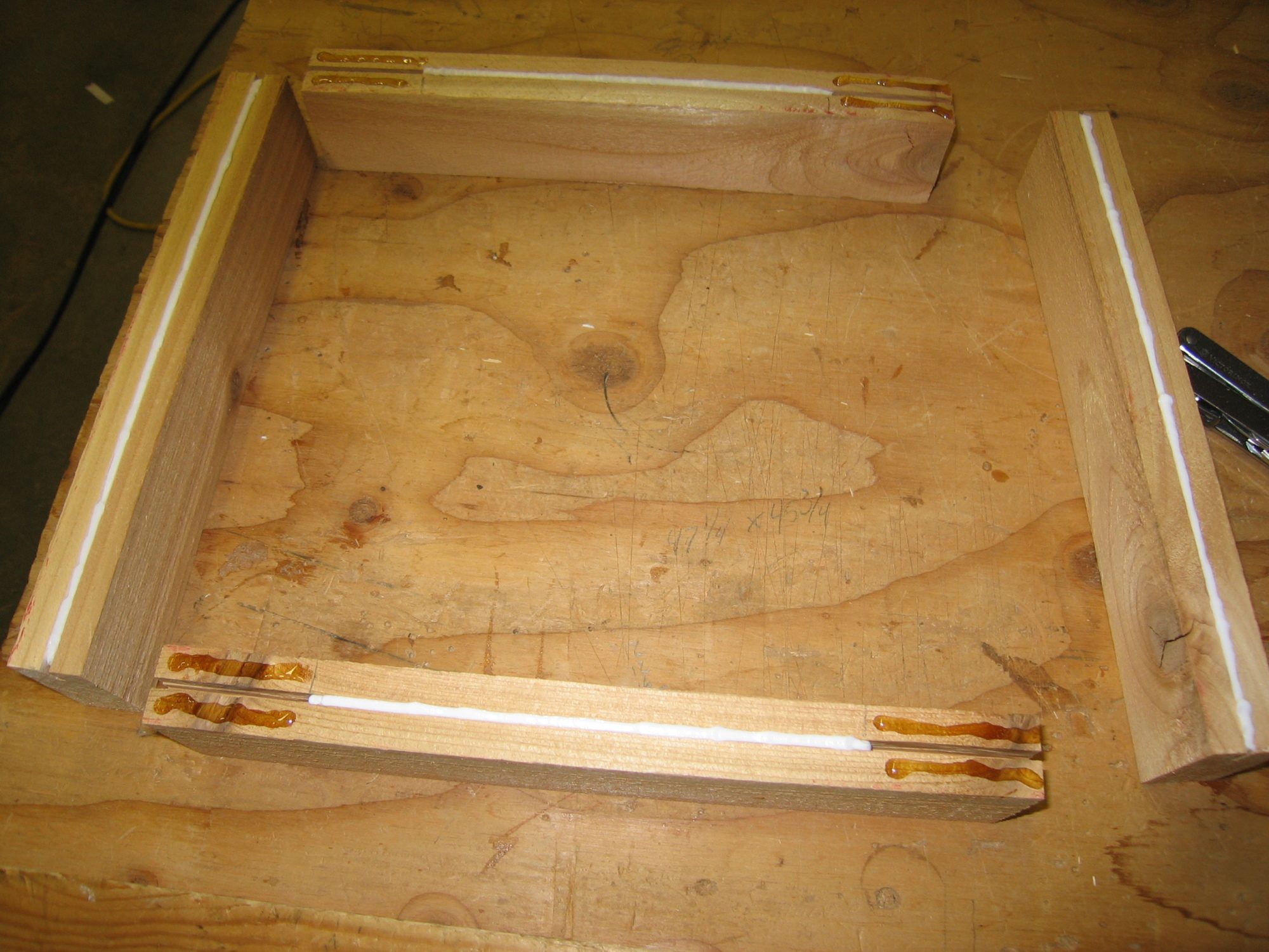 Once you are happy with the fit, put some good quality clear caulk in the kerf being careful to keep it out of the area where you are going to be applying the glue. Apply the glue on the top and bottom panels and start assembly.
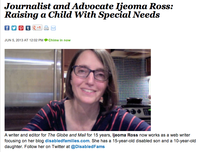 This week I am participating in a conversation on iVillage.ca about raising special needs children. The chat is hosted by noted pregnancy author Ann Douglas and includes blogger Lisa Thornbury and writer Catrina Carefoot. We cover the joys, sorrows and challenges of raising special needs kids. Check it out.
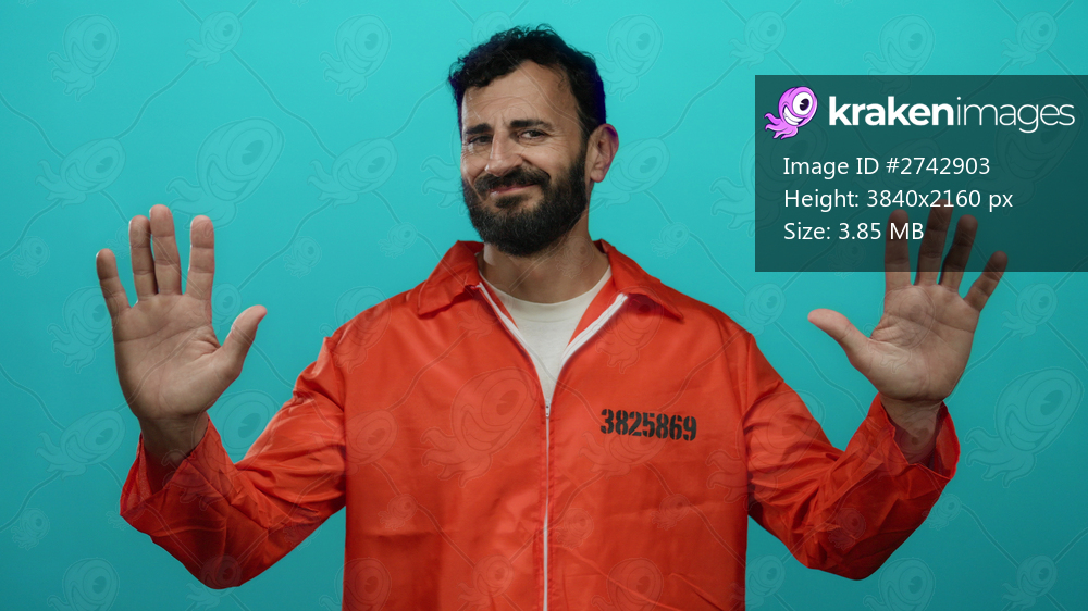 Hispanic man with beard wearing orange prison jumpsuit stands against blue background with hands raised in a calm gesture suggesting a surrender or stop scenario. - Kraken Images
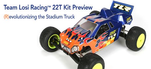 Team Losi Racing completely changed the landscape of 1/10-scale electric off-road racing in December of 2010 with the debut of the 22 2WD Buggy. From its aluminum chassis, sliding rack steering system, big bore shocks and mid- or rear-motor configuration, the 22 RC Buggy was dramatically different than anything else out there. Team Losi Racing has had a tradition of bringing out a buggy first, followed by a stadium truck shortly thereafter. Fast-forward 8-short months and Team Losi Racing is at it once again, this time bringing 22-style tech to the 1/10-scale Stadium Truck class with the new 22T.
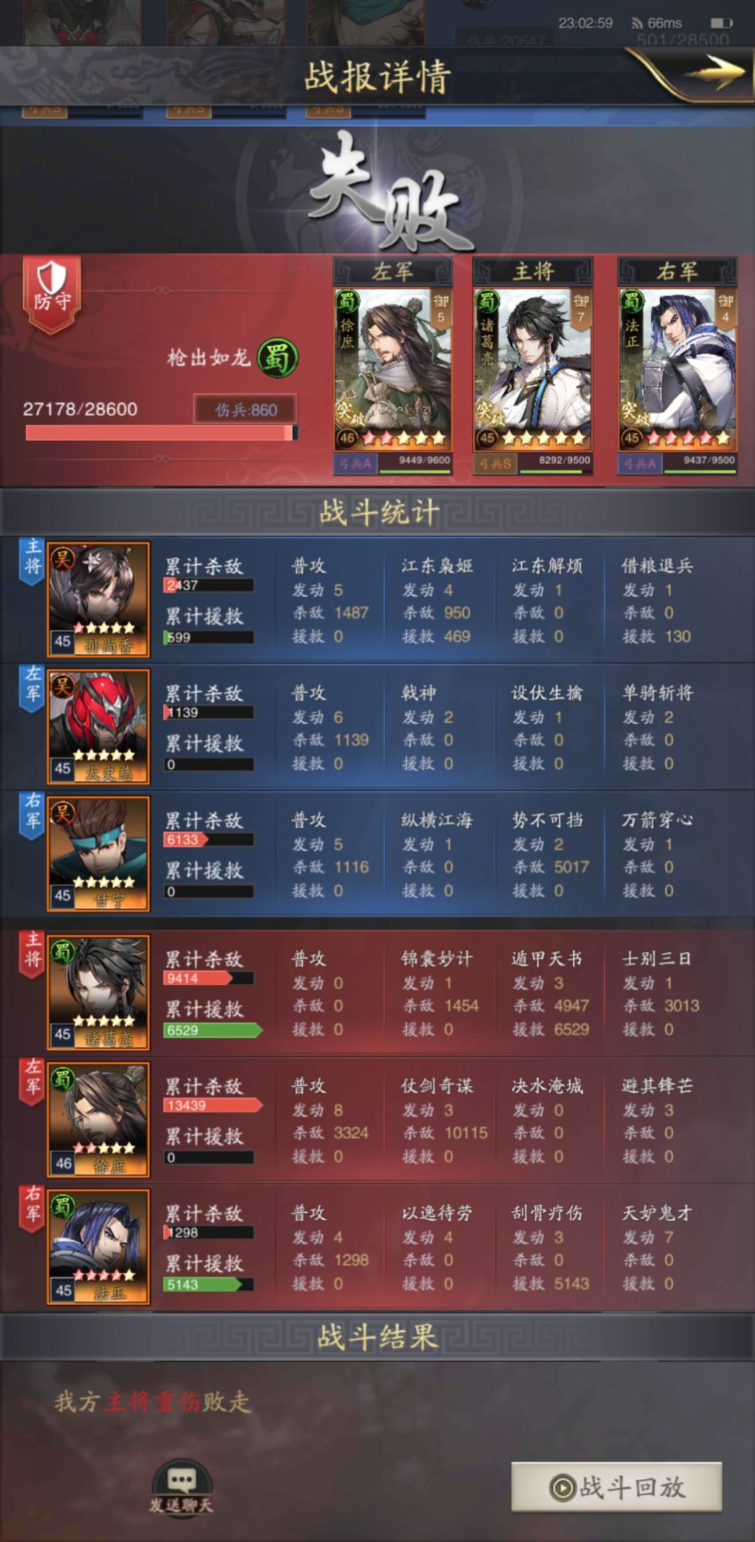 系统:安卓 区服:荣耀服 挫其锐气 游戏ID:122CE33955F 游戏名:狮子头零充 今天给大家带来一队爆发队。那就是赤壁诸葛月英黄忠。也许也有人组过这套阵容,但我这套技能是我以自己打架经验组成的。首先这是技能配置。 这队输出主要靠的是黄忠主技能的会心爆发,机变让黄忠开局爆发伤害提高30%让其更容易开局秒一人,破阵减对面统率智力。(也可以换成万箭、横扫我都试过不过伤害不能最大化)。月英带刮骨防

· · · · ·

Work order - Set down the material word for word, and drop every picture from it.

Answer area -
 Once you are happy with the fit, put some good quality clear caulk in the kerf being careful to keep it out of the area where you are going to be applying the glue. Apply the glue on the top and bottom panels and start assembly.
 This week I am participating in a conversation on iVillage.ca about raising special needs children. The chat is hosted by noted pregnancy author Ann Douglas and includes blogger Lisa Thornbury and writer Catrina Carefoot. We cover the joys, sorrows and challenges of raising special needs kids. Check it out.
 Hispanic man with beard wearing orange prison jumpsuit stands against blue background with hands raised in a calm gesture suggesting a surrender or stop scenario. - Kraken Images
 Team Losi Racing completely changed the landscape of 1/10-scale electric off-road racing in December of 2010 with the debut of the 22 2WD Buggy. From its aluminum chassis, sliding rack steering system, big bore shocks and mid- or rear-motor configuration, the 22 RC Buggy was dramatically different than anything else out there. Team Losi Racing has had a tradition of bringing out a buggy first, followed by a stadium truck shortly thereafter. Fast-forward 8-short months and Team Losi Racing is at it once again, this time bringing 22-style tech to the 1/10-scale Stadium Truck class with the new 22T.
 系统:安卓 区服:荣耀服 挫其锐气 游戏ID:122CE33955F 游戏名:狮子头零充 今天给大家带来一队爆发队。那就是赤壁诸葛月英黄忠。也许也有人组过这套阵容,但我这套技能是我以自己打架经验组成的。首先这是技能配置。 这队输出主要靠的是黄忠主技能的会心爆发,机变让黄忠开局爆发伤害提高30%让其更容易开局秒一人,破阵减对面统率智力。(也可以换成万箭、横扫我都试过不过伤害不能最大化)。月英带刮骨防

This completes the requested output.